Source material Block Start

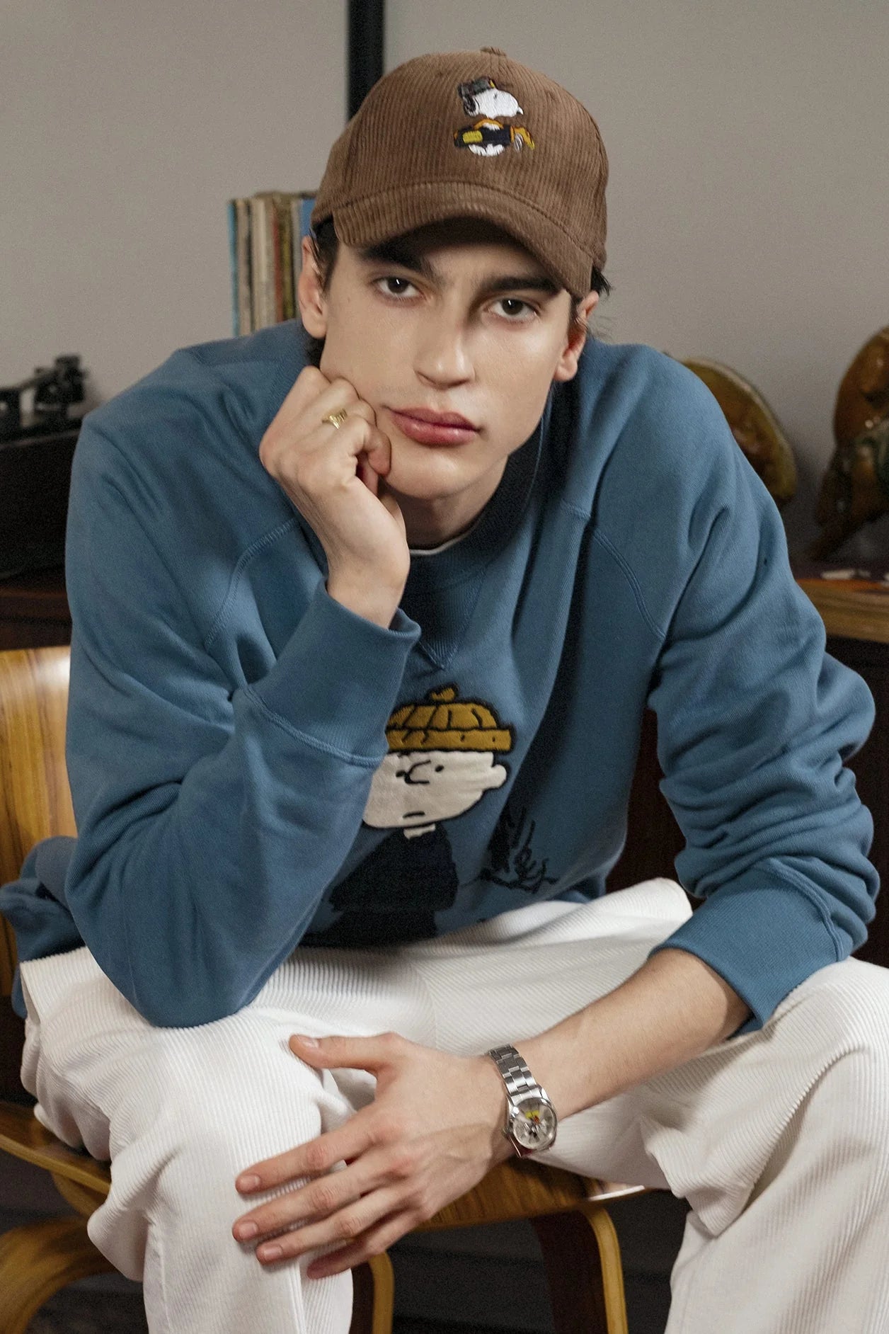 Felpa girocollo con stampa Charlie Brown sul petto. Fondo e polsi a costine.
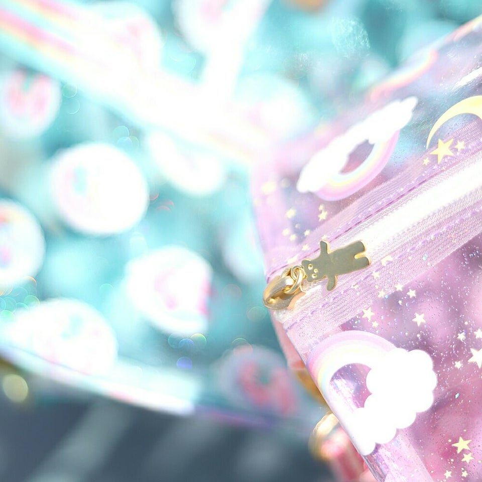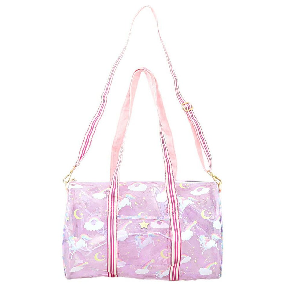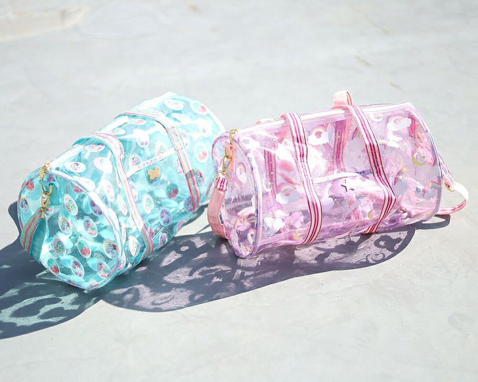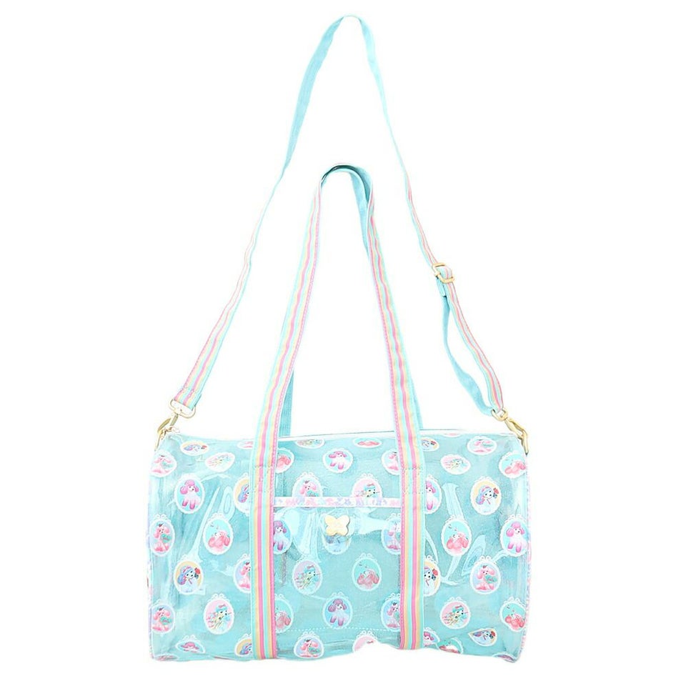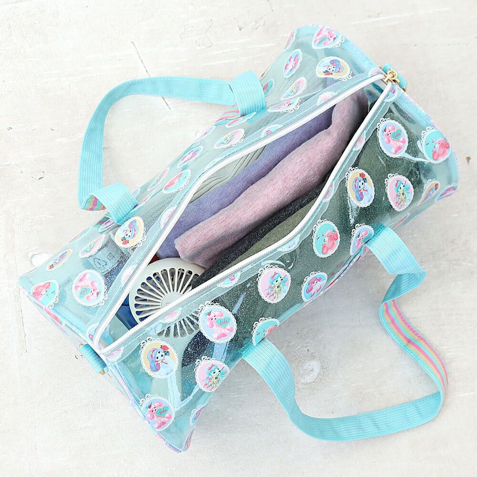 fafa フェフェ 全面クリアのラメ入りPVC素材の総柄が可愛いドラム型プールバッグ
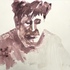 Aquarel van Joep Hiep, tweede helft 20e eeuw. Uitgevoerd op papier in expressieve stijl met schetsmatige penseelvoering. Voorstelling van een portret in bruinrode aquareltonen met onbewerkt gelaten achtergrond. Aan de achterzijde met potlood gesigneerd Joep Hiep.
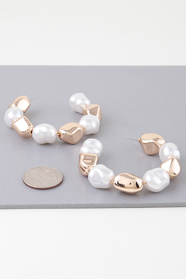 - * Discover the "Shiny N Pearl Stone Hoop Earrings" – where timeless beauty meets modern design. These exquisite gold and white pearl earrings are crafted to catch the light and turn heads. Whether you're dressing up for a special occasion or adding a touch of glamour to your everyday look, the Radiant Pearl Elegance Hoops are the perfect choice for any fashion-forward individual.
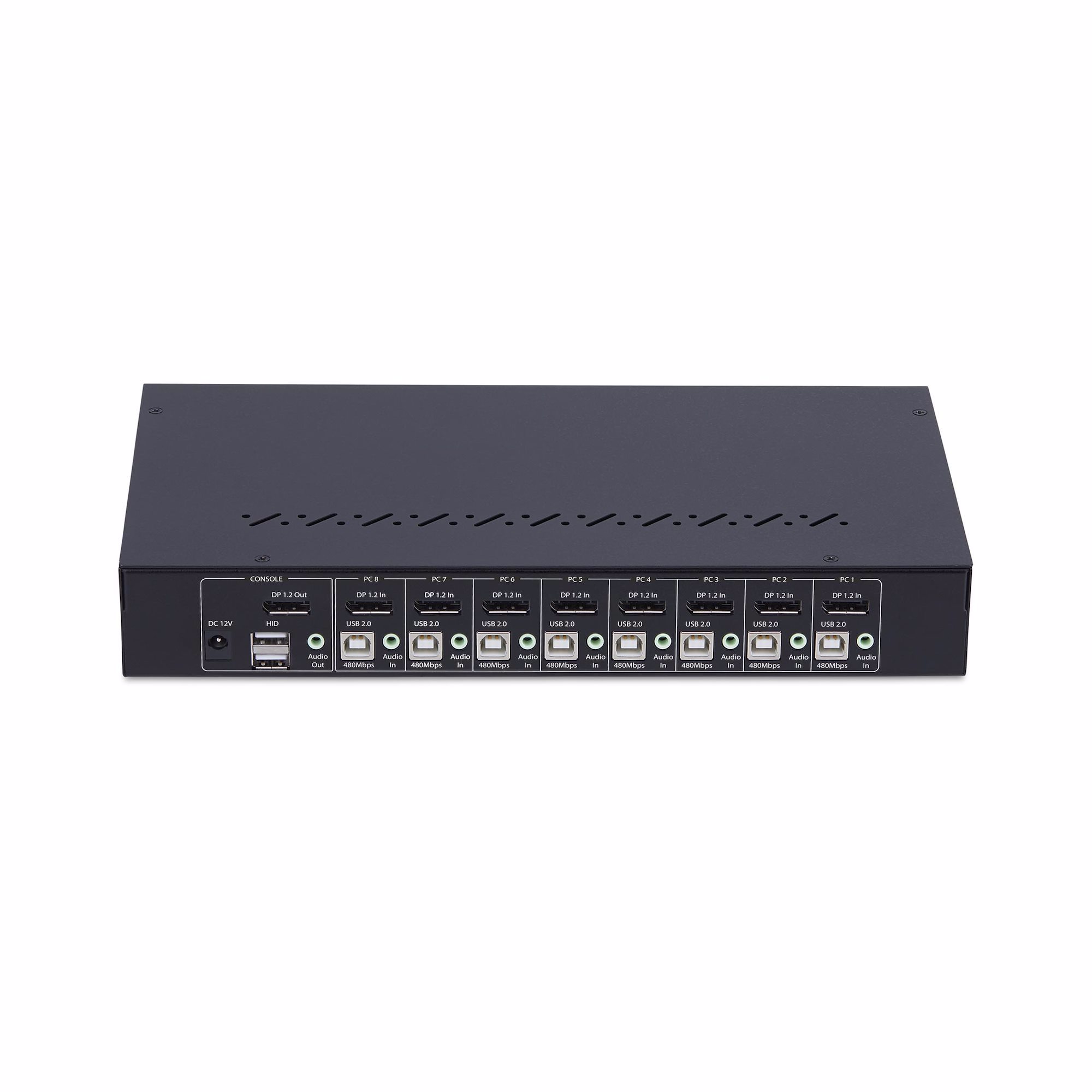 The 4K 60Hz rackmount KVM switch allows switching between eight DisplayPort-enabled computers, sharing a keyboard, mouse, audio, 4-port USB 2.0 hub, and a 4K 60Hz DisplayPort 1.2 monitor. This enables effortless multi-system management, improved workspace efficiency, and enhanced productivity.
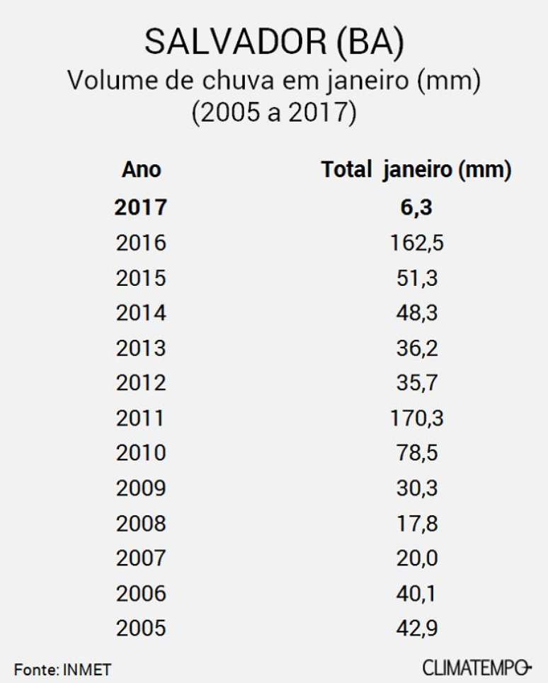Mas na escala anual, o mês de janeiro é o que tem a menor média de chuva em Salvador, capital da Bahia, o que significa que é uma época de pouca chuva. A média histórica de chuva é de aproximadamente 110 mm, segundo o Instituto Nacional de Meteorologia. Justamente por ter menos chuva, janeiro é parte do trimestre mais quente do ano junto com os meses de fevereiro e março.
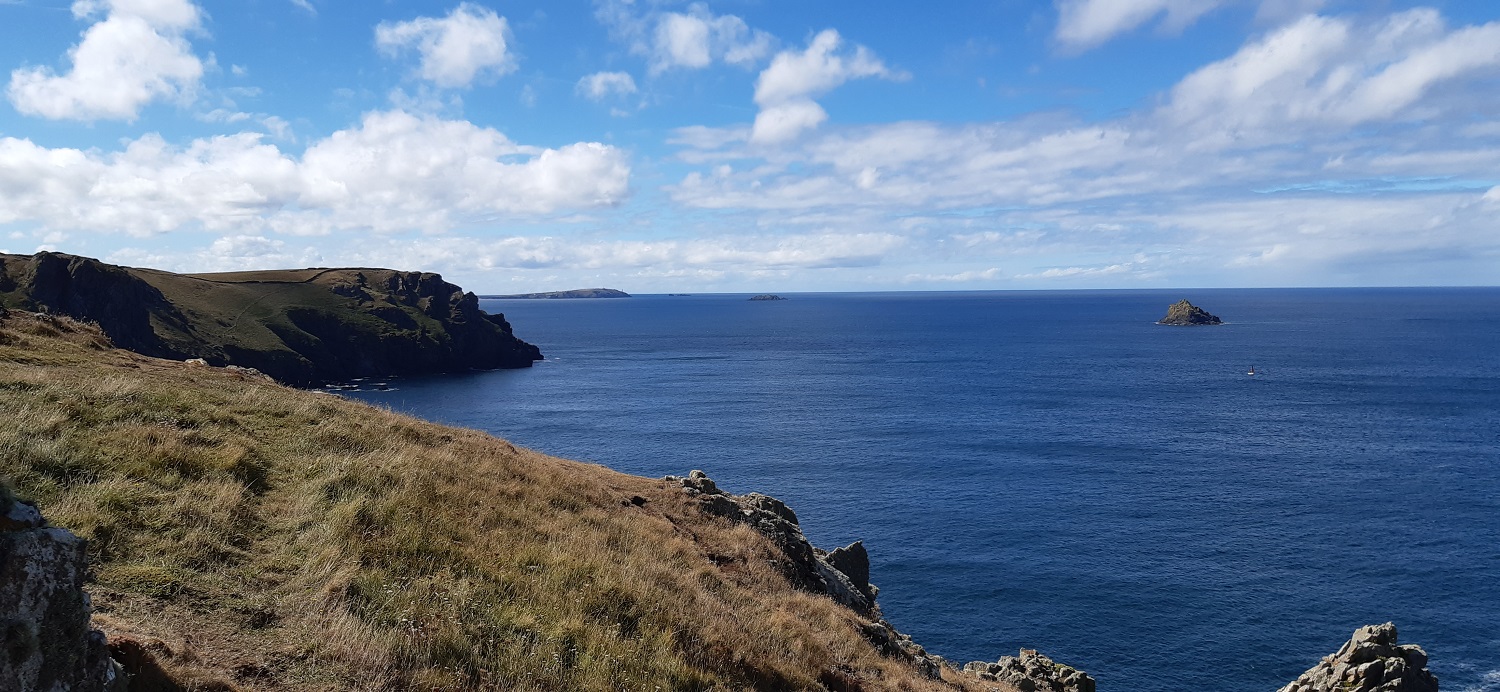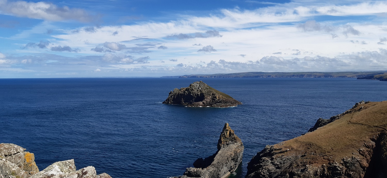 Port Quin, the rocky beach and the tide is inDoyden Point is up on the left here with Kellan Head on the right Linda looking across Port Quin Bay towards Rumps PointThe castle on Doyden PointTrevan Head looking out to the AtlanticThe Mouls is the island off Rumps Point, loving the dark blue of the sea. Pretty much every step brought a new spectacular view

Source material Block End

◆ Work task
Give the lines above again exactly, from the one containing "fafa フェフェ 全面クリアのラメ入りPVC素材の総柄が可愛いドラム型プールバッグ" to the one containing "Mas na escala", both included, but leave out the pictures.

◆ Answer to this task
 fafa フェフェ 全面クリアのラメ入りPVC素材の総柄が可愛いドラム型プールバッグ
 Aquarel van Joep Hiep, tweede helft 20e eeuw. Uitgevoerd op papier in expressieve stijl met schetsmatige penseelvoering. Voorstelling van een portret in bruinrode aquareltonen met onbewerkt gelaten achtergrond. Aan de achterzijde met potlood gesigneerd Joep Hiep.
 - * Discover the "Shiny N Pearl Stone Hoop Earrings" – where timeless beauty meets modern design. These exquisite gold and white pearl earrings are crafted to catch the light and turn heads. Whether you're dressing up for a special occasion or adding a touch of glamour to your everyday look, the Radiant Pearl Elegance Hoops are the perfect choice for any fashion-forward individual.
 The 4K 60Hz rackmount KVM switch allows switching between eight DisplayPort-enabled computers, sharing a keyboard, mouse, audio, 4-port USB 2.0 hub, and a 4K 60Hz DisplayPort 1.2 monitor. This enables effortless multi-system management, improved workspace efficiency, and enhanced productivity.
Mas na escala anual, o mês de janeiro é o que tem a menor média de chuva em Salvador, capital da Bahia, o que significa que é uma época de pouca chuva. A média histórica de chuva é de aproximadamente 110 mm, segundo o Instituto Nacional de Meteorologia. Justamente por ter menos chuva, janeiro é parte do trimestre mais quente do ano junto com os meses de fevereiro e março.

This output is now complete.